Reports of the alleged contract outraged the world community. The United Nations Environment Programme (UNEP) investigated the

matter at the urging of Somalia's neighbors and the Swiss and Italian governments. What ensued was a period of accusations as both firms denied entering into any agreement, Osman denied signing

any contract and the Swiss and Italian governments said they had no knowledge of the two firms activities.

 

As a result of the UNEP's investigation, the contract was declared null and the facility was never built. Still it became apparent to the UNEP's director Dr. Mustafa Tolba that the firms of Achair Partners and Progresso were set up specifically as

fictitious companies by larger industrial firms to dispose of hazardous waste. At one point Dr.
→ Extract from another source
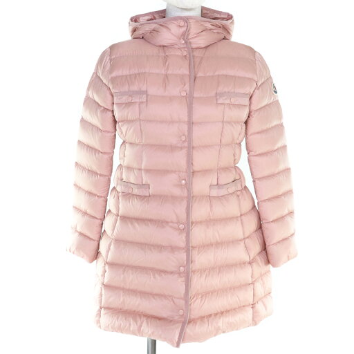 未使用品☆MONCLER モンクレール LICHEN ロゴワッペン・フード付 膝丈 ナイロンジャケット オレンジ 1 正規品 レディース【中古】

Tolba declared that the UNEP was

dealing with a mafia.

 

Beyond the obvious ethical question of trying to coerce a

hazardous waste agreement out of an unstable country like Somalia,

the attempt by Swiss and Italian firms to dump waste in Somalia

violates international treaties to which both countries are

signatories. Switzerland has signed and ratified the Basel Convention on the Control of Transboundary Movements of Hazardous

Wastes and their Disposal (see BASEL case). Somalia and Italy have not signed the Basel Convention. The Basel Convention prohibits

(among other things) waste trade between countries that have signed the Convention and countries that have not signed the Convention

unless a bilateral waste agreement has been negotiated. Somalia and Switzerland had no such bilateral agreement. The Basel Convention also prohibits shipping hazardous waste to a war zone.

 

Although not a signatory to the Basel Convention, Italy has

signed the fourth Lome Convention. It is the only country in Europe to do so. Italy signed the Lome Convention in order to "prove" its good intentions with regard to the disposal hazardous

waste. No reason is given for Italy's failure to sign the Basel Convention (see NIGERIA case). Article 39 of the Lome Convention

clearly prohibits the export of waste to Africa as well as the Caribbean and the Pacific.